Most applications could benefit from a faster infrastructure. Storage performance, especially IOPS, has been routinely identified as a primary impediment to improving compute infrastructure speed. Not surprisingly, customers are turning to Flash Solid State Devices (SSDs) as a solution to this IOPS problem, and caching is emerging as an efficient method for implementing flash SSDs.
Host server-based caching is an excellent option, as it brings the cache closer to application processors and can simplify implementation, compared with network attached caching appliances or storage-based cache areas. While the use of flash as a host server-side cache is becoming more common, NAND flash as a storage medium does have some challenges when used in these environments, due mainly to the high turnover of data that caching produces.
Flash controllers must do a lot under the covers to make flash a viable technology for traditional storage implementations. This can mean overhead to align writes to flash blocks, managing wear leveling, optimizing write amplification, and running the ‘garbage collection’ process. When solid state storage is used as a static storage area, most enterprise flash controllers are able to keep up with these tasks. But, the high data turnover that’s common in caching applications can adversely impact SSD performance and reduce life expectancy. Marvell DragonFly is a server-based caching solution (a turn-key appliance on a PCIe card) that has an answer to these challenges.

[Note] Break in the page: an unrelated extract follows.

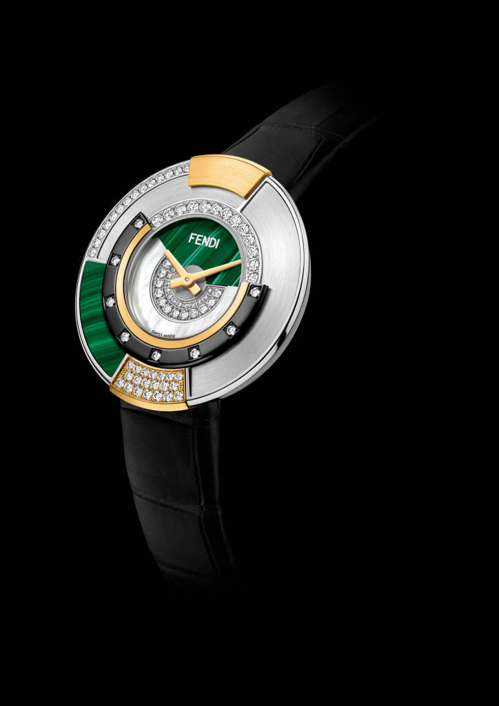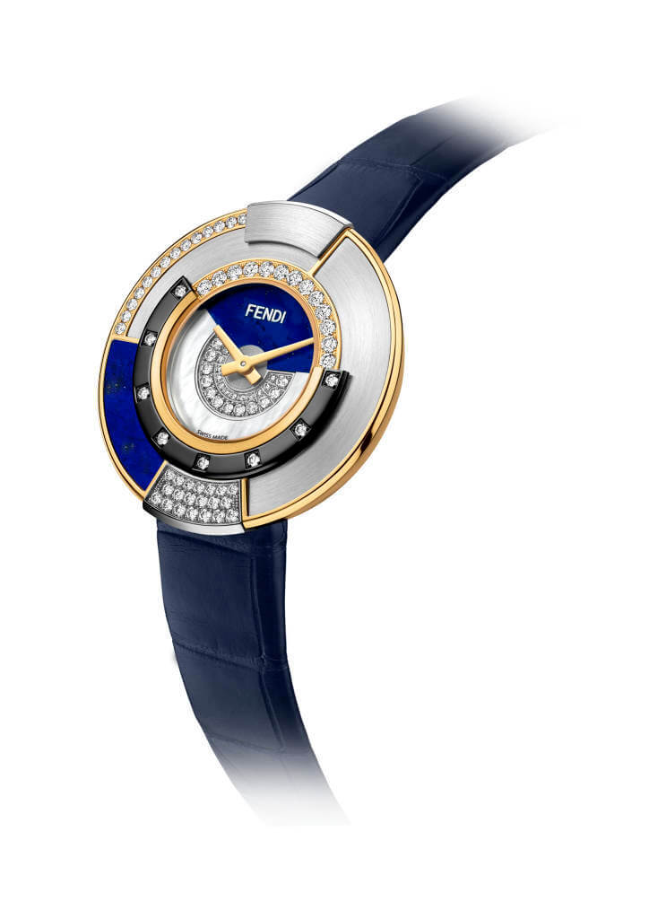 If you’re looking for that hot fashion statement the FENDI Policromia is the perfect answer. Brilliant cut white diamonds set the time on the case and dial, paired with refined inserts of real stones — malachite and green mother of pearl; or lapis lazuli and blue mother-of-pearl. White and yellow gold add their timeless value enhanced by black rhodium-plated yellow gold.

What Is Marvell DragonFly?
The DragonFly Virtual Storage Accelerator (VSA) is a full- or half-height, half-length PCIe 2.0 x8 card which utilizes a two-level cache, consisting of DRAM and NAND flash storage. It contains up to 8GB of DDR3 DRAM, ultracapacitor-protected to back up to 32GB of on-board SLC flash. It supports 2.5 and 3.5-inch SATA or SAS, SLC or MLC drives, both 6Gb/s and 3Gb/s. Host OS support includes major Linux distributions running XenServer or KVM, VMware ESX and ESXi, and MS Windows Server with Hyper-V.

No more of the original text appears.